俺は壁に手を突いた状態で足を開き、清の手で中を掻き出されていた。
いいよと断ったのに清は手伝うと言って聞かないくて、結局こんな事態になってしまった。
中を綺麗にしているところなんて見られたくなかったのに、バッチリ見られて。その本人に指でかき回されているのだ。
太くて節くれだった指が、敏感なところに触れて声が漏れる。
恥ずかし過ぎて困っているというのに、俺の体は素直に快楽を拾ってしまって、抵抗も出来ない。
後始末にシャワーを浴びているはずなのに、浴室には隠微な雰囲気が漂ってしまい、いたたまれない。
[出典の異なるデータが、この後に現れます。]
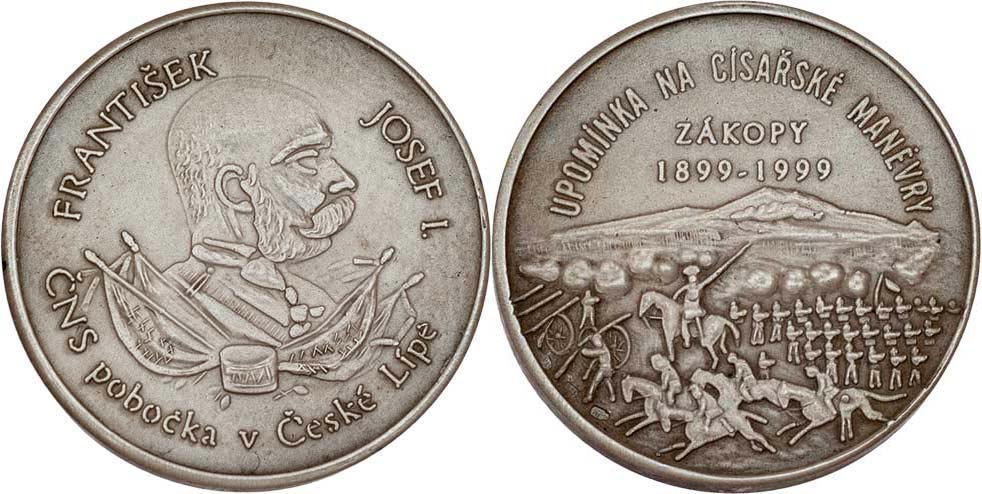 Lahoda - upomínka na manévry v Zákupech 1899/1999 - Fr.Josef I. zprava, vojenské atributy, opis / vojsko v krajině, nápis, Ag925, 30mm, 27.414g, 25ks RR!

早く終わってくれと思うのに、清はねちっこいくそこを弄ってくるから行為は一向に終わらないくて困る。
「でも、こうしないと綺麗にならないだろ?ほら動くとやりにくいから、じっとして」
「っう……でも……っあぁ、じ、自分で出来る……」
「自分でだとやりにくそうだし……それにさっきフラフラしてたから危ないよ。俺のせいなんだから俺がするって……」
清はそう言ながら、なだめるように首筋にキスを落す。
「……っ」
さっきイッばかりで身体中が敏感になっているのだろう、それだけで体にジワリと快楽が広がってしまう。
足は震えて、立っているのがやっとだ。
なんでこんな事になったんだろうかと俺は疑問に思う。
朝は、もう喋る事も出来ないだろうと絶望していた。嫌われて避けられることも覚悟していたのに何が起こったのか、いまだに理解できない。
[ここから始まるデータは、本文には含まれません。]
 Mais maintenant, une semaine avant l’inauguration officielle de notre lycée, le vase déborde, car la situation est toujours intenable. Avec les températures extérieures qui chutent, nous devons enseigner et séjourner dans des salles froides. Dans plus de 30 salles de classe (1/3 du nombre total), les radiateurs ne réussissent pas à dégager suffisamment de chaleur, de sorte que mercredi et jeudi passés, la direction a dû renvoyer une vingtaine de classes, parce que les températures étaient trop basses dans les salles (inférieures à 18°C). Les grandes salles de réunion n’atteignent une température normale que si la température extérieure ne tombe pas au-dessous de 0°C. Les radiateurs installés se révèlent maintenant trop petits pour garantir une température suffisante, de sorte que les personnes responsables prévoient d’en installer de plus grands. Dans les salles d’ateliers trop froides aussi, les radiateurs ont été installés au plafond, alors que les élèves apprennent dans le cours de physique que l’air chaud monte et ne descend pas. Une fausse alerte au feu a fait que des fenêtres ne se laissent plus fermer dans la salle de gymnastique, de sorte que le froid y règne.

仕事終わり、まさか清の方から話しかけてくるとは思ってなかった。
あまつさえこんなことになるなんて。
快楽に頭を浸しながらもなんとか自問自答する。
まだ、自分は都合のいい夢でも見ているのだろうか、でも中をかき回す指の感触は本物だ。それに馬鹿みたいに漏れる自分の喘ぎ声も。
足に力が入らなくて壁に手を突いて立っているのがやっとになる。
流れる水の音の他にグチュっと粘ついた液体の音がして、その音だけでカアッと頭に血が登った。
見えないと余計に清の指の形がはっきりと感じてしまって、ゾクゾクしたものが腰に響く。
思わず指を締め付けてしまった。
「……なんか中、すげぇ動いた。……誘ってんの?」
「っ!……ちが!……っあ!……だ、だめだ。そ、そこは……」
少しかすれたような声で言われて焦る。その途端、指の節くれだったところが前立腺に当たって、また体が恥ずかしいくらい反応した。
清の指も、出したものを掻き出す動きじゃなくなっている。
「してる時もここ擦ったら気持ち良さそうだった。ここ反応いいよね?」
「っあ……そ、そう。だ、だから触んないで……っあ……ほ、ほんっと……っああ!」
嫌だと言っているのに、清は楽しそうにそこばかりを責めてくる。
おさまっていたものはとっくに勃ち上がっていた、掻き出すだけのはずがただのプレイになりつつある。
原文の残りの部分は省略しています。